Publications du Service canadien des forêts

Soil disturbance, vegetative cover and regeneration on clearcuts in the Nelson Forest District. 1976. Smith, R.B.; Wass, E.F. Government of Canada. Department of the Environment. Canadian Forest Service, Pacific Forest Research Centre, Victoria, BC. Information Report BC-X-151.

Année : 1976

Disponible au : Centre de foresterie du Pacifique

Numéro de catalogue : 3986

La langue : Anglais

Séries : Rapport d'information (CFP - Victoria)

Disponibilité au SCF : Commander une copie papier (gratuite), PDF (télécharger)

Sélectionner

Résumé

Les soucis à propos de la détérioration du sol causée par les exploitations par coupe rase sur les flancs escarpés de collines du district forestier de Nelson ont abouti, en 1973, à la formulation de règlements généraux du Forest Service, pour régir les opérations de débusquage terrestre.

Par la suite, on a formé le "Steep Slope Committee," un comité regroupant plusieurs organismes, qui avait comme objectif de décrire l'étendue et la gravité des détériorations du sol sur une gamme de stations et par suite de méthodes diverses d'exploitation forestière.
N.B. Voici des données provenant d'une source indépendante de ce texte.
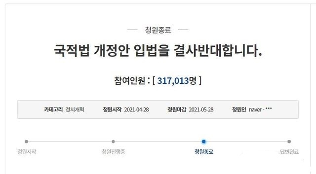 그러나 청원인은 "국적법 개정을 통해 저출산과 고령화를 해결한다는 것은 터무니없는 사고에 불과하다"며 특히 "영주권 주 대상인 화교들 포함 많은 외국인들이 사회에서 얼마나 많은 권리를 갖는지 안다"고 비판했다. 해당 청원에는 한달 간 총 31만7013명이 동의했다.
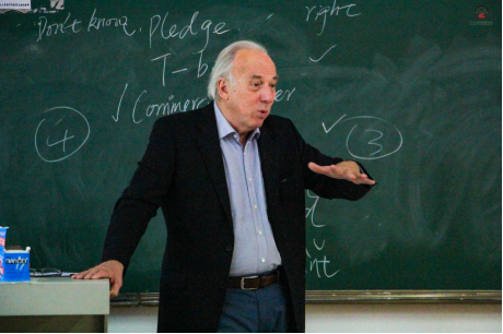 11月6日,著名国际金融学家、伦敦政治经济学院教授、国际经济学家、中山大学新华学院经济与贸易学院金融工程专业首席教授、投资学专业学科带头人Prof. Ron Anderson走进2017级金融工程专业C班,为学生开设金融英语专业课堂。
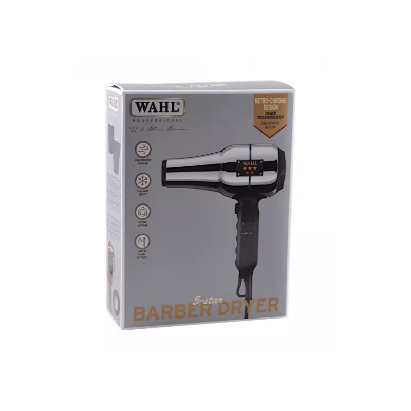 Profesionální fén na vlasy Wahl Barber Dry disponuje AC motorem o výkonu až 2200 W, díky kterému fén umožňuje rychlé a efektivní vysoušení vlasů. Fén je funkcemi a svým retro vzhledem přizpůsobený především do barbershopů. Ionizačně turmalínová technologie zajišťuje šetrné vysoušení vlasů díky generujícím záporným iontů. Během fénování je ve vlasech udržovaná dostatečná hydratace, jsou potlačovány účinky statické elektřiny, krepatění a vlasy jsou ve výsledku hladké a lesklé. Ergonomická rukojeť fénu s tlačítky na vnitřní straně je ideální pro praváky i leváky. Fén má možnost nastavení tří teplot vzduchu a dvou rychlostí profesionálního AC motoru, nechybí ani samostatné tlačítko studeného vzduchu pro zafixování účesu. S fénem se velmi pohodlně manipuluje díky jeho kompaktní velikosti a 2,7 metrů dlouhému kabelu. Součástí balení jsou dvě vzduchové trysky s klik-systémem pro snadné nasazení o rozměrech 65 a 90 mm. Odnímatelný filtr fénu lze snadno vyčistit.
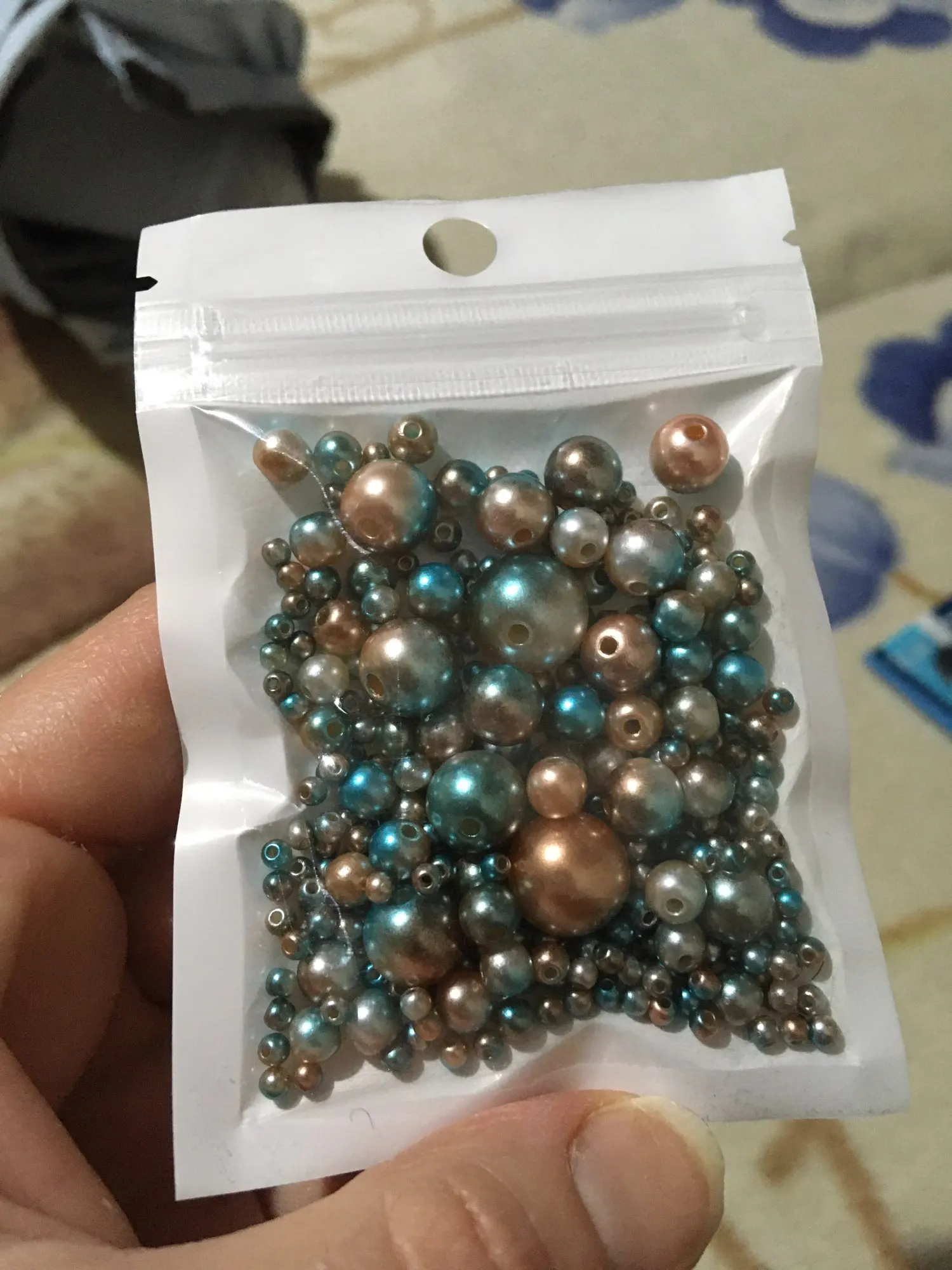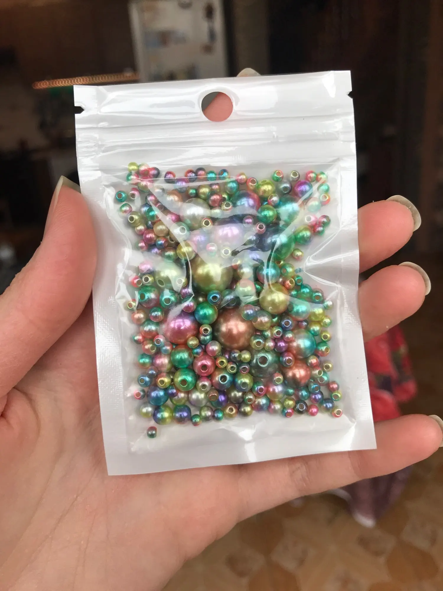 всё отлично, товар пришел очень быстро, даже не ожидала что так оперативно сработают, в комплекте шёл маленький мешочек для бусин) приятный сюрприз) заказывала белые бусины и эти цветные, всё отлично, только мне думалось что бусинки больше по размеру, оказались маленькими. много мелких, средних штук 8 и самых крупных 2 штучки пришло. в любом случае спасибо продавцу, они красивые))
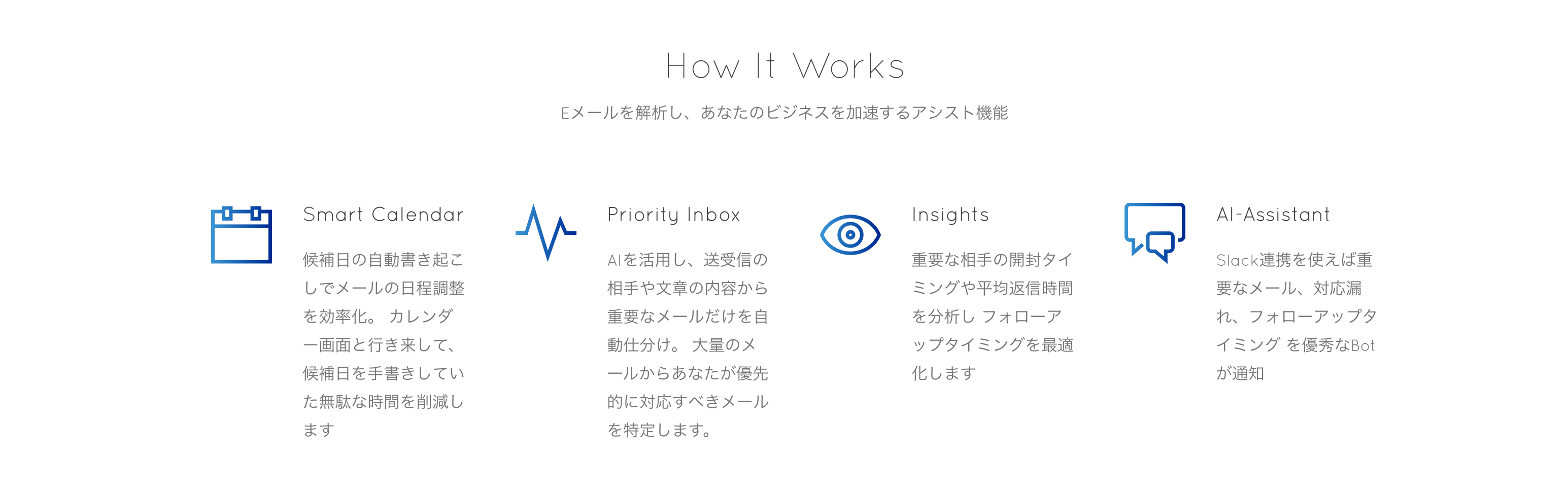 Notiaは外部とのやりとりでEメール利用がまだまだ多い営業パーソンに向け、返信対応漏れの防止や、フォローアップの支援、面倒な日程調整の自動化の機能の提供によって生産性の向上を目指しています。

Dans ce but, on a recueilli des données au cours des etes de 1974 et 1975, dans 9,361 placettes d'une milli-acre et placettes circulaires à rayon variable le long de 78 transects largement distibués à travers le district forestier Nelson, afin de décrire les conditions du sol et de la végétation dans les aires de coupes rases sur pentes escarpées. La plus sévère détérioration fut causée par les opérations de débusquage sur le sol nu (moyenne de 45% de superficie coupée à blanc) et la moindre fut causée par le débardage par câble-grue. Le débusquage terrestre sur la neige et les systèmes de débardage aérien ont diminué la détérioration du sol de moitié environ, par rapport au débusquage terrestre d'été. Le sol détérioré sur le terrain situé entre les chemins de débardage et de débusquage fut beaucoup moindre que celui dans les chemins mais fut doublé ou triple par un brûlage extensif des rémanents. Le couvert végétal augmenta continuellement avec le temps, après une coupe (que les surfaces fussent ensuite brûlées ou non), entre les chemins, mais il était plus haut après 11 ans dans le second cas à cause d'un couvert végétal initial plus grand, provenant des résidus de végétation. Si on exclut le plantage, les secteurs entre les chemins dans les coupes à blanc non brûlées et les surfaces routières des coupes rases suivies ou non de brûlages furent repeuplés de façon satisfaisante avec un matériel de reproduction nouveau ou pré-établi au bout d'environ 9 ans. Les surfaces entre les chemins dans les forêts coupées à blanc puis brûlées ne furent pas repeuplées de manière satisfaisante avant jusqu'a 10.5 ans, âge moyen du secteur rasé puis brûlé le plus vieux qu'on ait inspecté. On a noté des différences du couvert végétal et des stocks de reproduction parmi les zones biogéoclimatiques. Des exemples d'érosion du sol furent notés et décrits. Les auteurs formulent des recommendations à propos de relevés et recherches subséquents.